When sophistry gets to set the terms of the discussion, what follows is a project organized around finding the most insulated and opponent-proof formulation possible. That approach already pulls the discussion away from the immediate and obvious realities that should be doing the actual work. And once that happens, the arguments start being shaped by strategic concerns rather than by what's actually evident and clear.
This is also the deeper problem with that "strong" sense of philosophical rationalism as a methodological approach to these debates. It has the tendency to treat what is more abstract and more analytically "tidy" in the mind as more rationally secure than what is plainly known through the reality right in front of us.
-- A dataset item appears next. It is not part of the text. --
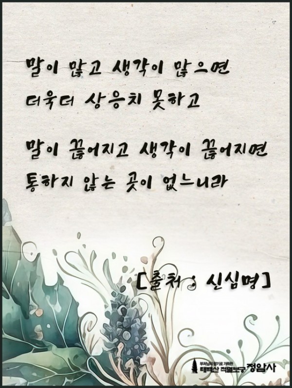 _()_ 붓다의 말씀 2023년 2월 - 말이 많고 생각이 많으면 페이지 정보 작성자 정암사 작성일23-01-26 13:45 조회7,548회 댓글0건 본문 . 댓글목록 등록된 댓글이 없습니다. 이전글 다음글 목록
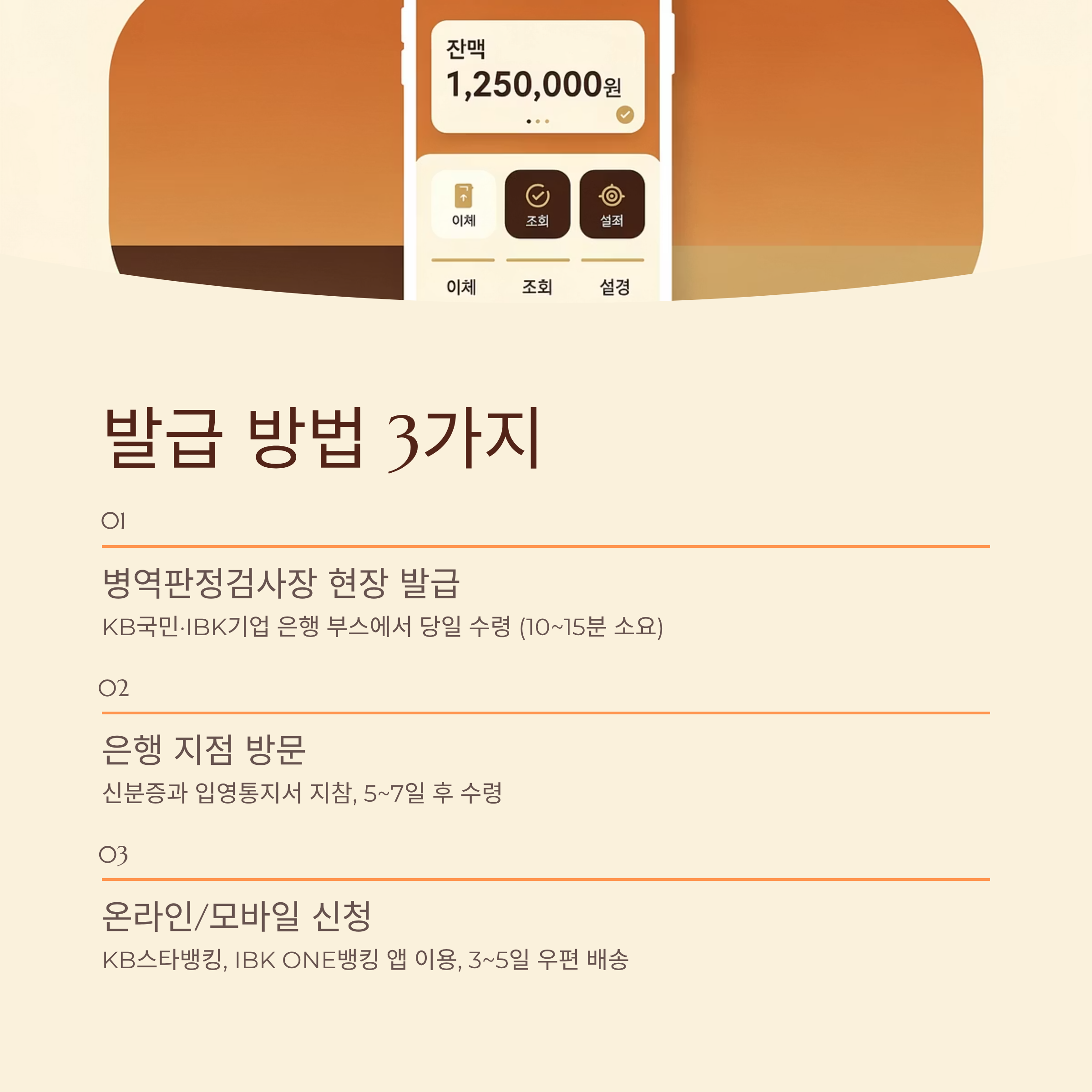 - 장소: 병무청 검사장 내 설치된 은행 부스(KB국민·IBK기업)

So instead of starting from originated and dependent things as they're actually encountered, the ambition becomes to retreat to a more minimal formal premise and build upward from there, as if certainty becomes stronger the more you distance it from the concrete realities that actually ground the discussion in the first place.
That's why the comparison to Descartes matters, because the whole impulse here is the same sort of move: start from the most intellectually "controllable" point you can possibly formulate in the mind, then try to build the rest of reality upward from there. It's also why Hijab is drawn to Ibn Sina's route. What attracts him is not just one argument among others, but the promise of a "cleaner" construction.
Ibn Sina's approach lets Hijab get past the debates around time and infinite regress, and that's clearly a large part of the appeal for him. But that doesn't mean he's somehow left the deeper methodological problem behind. It means he's stepped into a framework with its own pressure points and its own consequences, whether he wants to acknowledge them or not. What exactly does he think happens once you adopt such a framework? That philosophers just stop arguing?
People have been contesting Ibn Sina's framework itself and the whole set of problems it comes with for centuries. If you want to play by the sophists' rules, there's no clean way out. That's the whole point. Once you make this whole "abstract construction" game the thing everything hangs on, there will always be counter-construction, resistance, and sophistry pushed back at you from the other side.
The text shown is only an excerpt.